Infection Is a Real Pain in the Everything
¡Viva la Science!
Methicillin-resistant Staphylococcus aureus is not only terrible to say—that, of course, is why we shorten its name to MRSA and pronounce it “mer-suh,” like it’s some kind of Aquaman sidekick—but the potent, stubborn infections it creates are especially horrible. For one thing, they’re really difficult to cure. (That’s the resistant part of the name—antibiotics, our standard weapons against infection, are exactly what they’re resistant to.) For another, MRSA-caused infections, whose symptoms include everything from boils to fever, can be extremely painful.
But what causes all that pain? Until now, doctors believed it was an immune system response. According to this theory, your body basically screams, Holy crap I’ve been invaded! I’d better alert the brain! [Stab stab stab.] Your brain says, Ouch! Okay, dude, I’ve got it. But your body refuses to shut the hell up. [Stab stab stab.]
Not so, says a new study published in Nature on Aug. 21. You’re not wracked with pain because of your body’s immune response, but because of the bacteria itself. The pain associated with MRSA isn’t your body trying to alert you to the problem; it’s actually one of the effects of the problem. "We found that major parts of the immune system are not necessary for pain during infection, but that bacteria themselves are the source of much of the pain,” says Isaac Chiu, PhD, the study's lead author.
The whole study came about because Chiu and coauthor Christian A. Von Hehn, MD, PhD, wanted to see what would happen when they cultured sensory neurons and immune cells in the same petri dish. Much to their surprise, the neurons responded to the bacteria “immediately,” says Chiu.

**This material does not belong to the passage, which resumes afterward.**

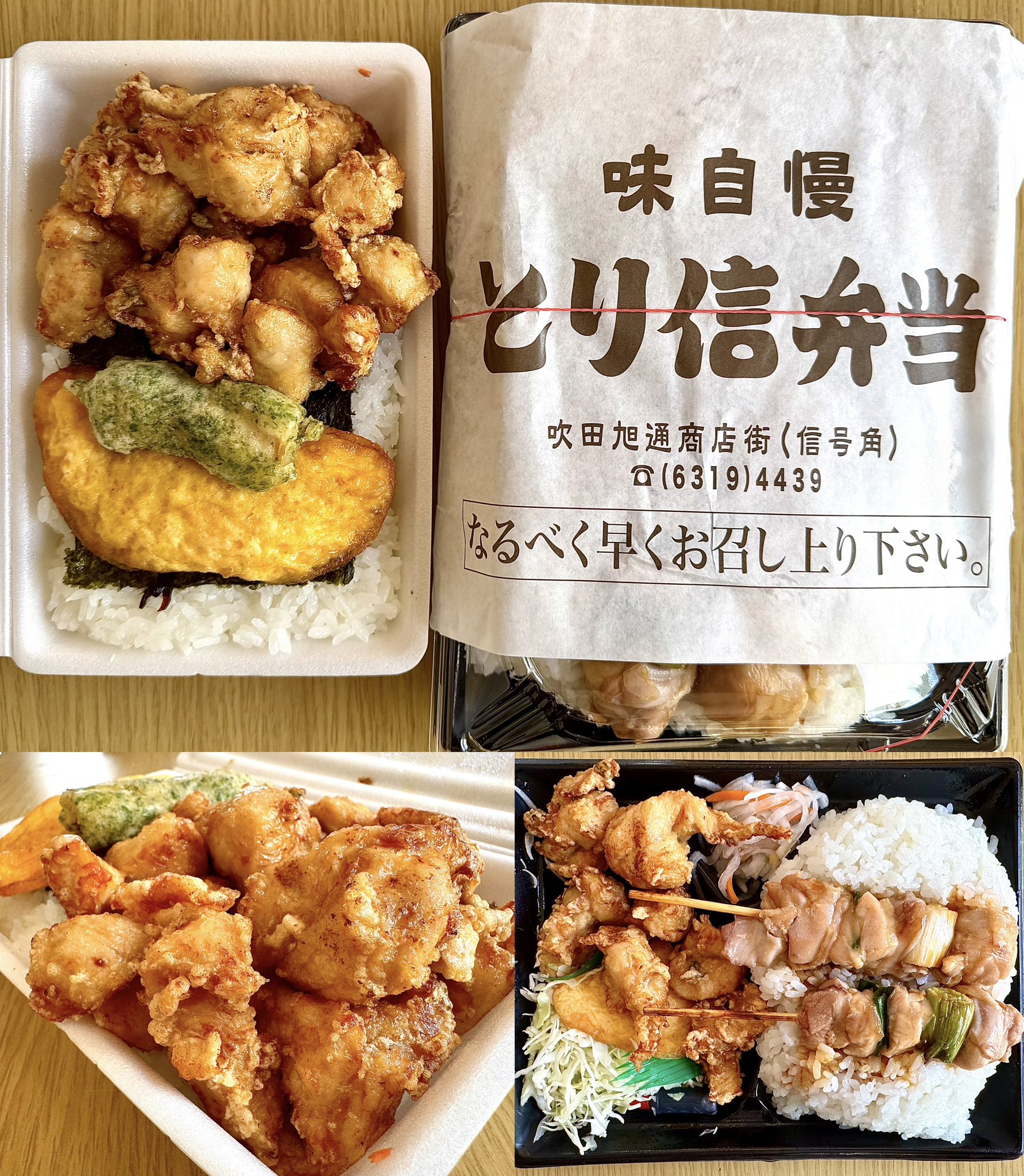 精肉店「とり信」の弁当🐓吹田のソールフード☝️なんと言っても絶品の名物唐揚げ🍗✨️のり弁当は唐揚げたっぷり‼️フタがしまらん😂海苔の下にはほぐした鮭フレーク🐟焼き鳥🍢ご飯に埋もれてる?甘いタレシュミシュミやで🤤弁当2個で腹パンパン??

The study made another surprising discovery: Once pain neurons can tell that nasty invading bacteria are present, the immune system should leap into action to fight off the intruders, right? Because that's supposedly the whole point of pain neurons and an immune system and all those other intricate bits. But the scientists instead observed that the pain neurons suppressed the immune system.

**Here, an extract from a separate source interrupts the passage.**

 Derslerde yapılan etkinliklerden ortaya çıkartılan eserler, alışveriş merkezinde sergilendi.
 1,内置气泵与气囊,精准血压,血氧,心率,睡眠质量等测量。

It seems like a terrible idea. Something hurts! the pain neurons are apparently tweeting their friends. Let's totally not raise the alarm. Pretend everything's fine! How did it evolve that way in the first place? The question needs to be studied a lot more, but Chiu hypothesizes that our neurons might be trying to protect our body from the additional damage caused by inflammation, part of the immune system response. (Inflammation, though useful in battling infection, can cause damage to the body when it happens too often.) Those wily bacteria just might be taking advantage of a loophole.
Figuring out how pain and MRSA go hand-in-horrible-hand isn't merely an academic question. The hope is that studies like these will help doctors and scientists figure out how to deal with other serious infections and eliminate the pain that inevitably comes along with them. Let’s hope they do it soon, because ouch.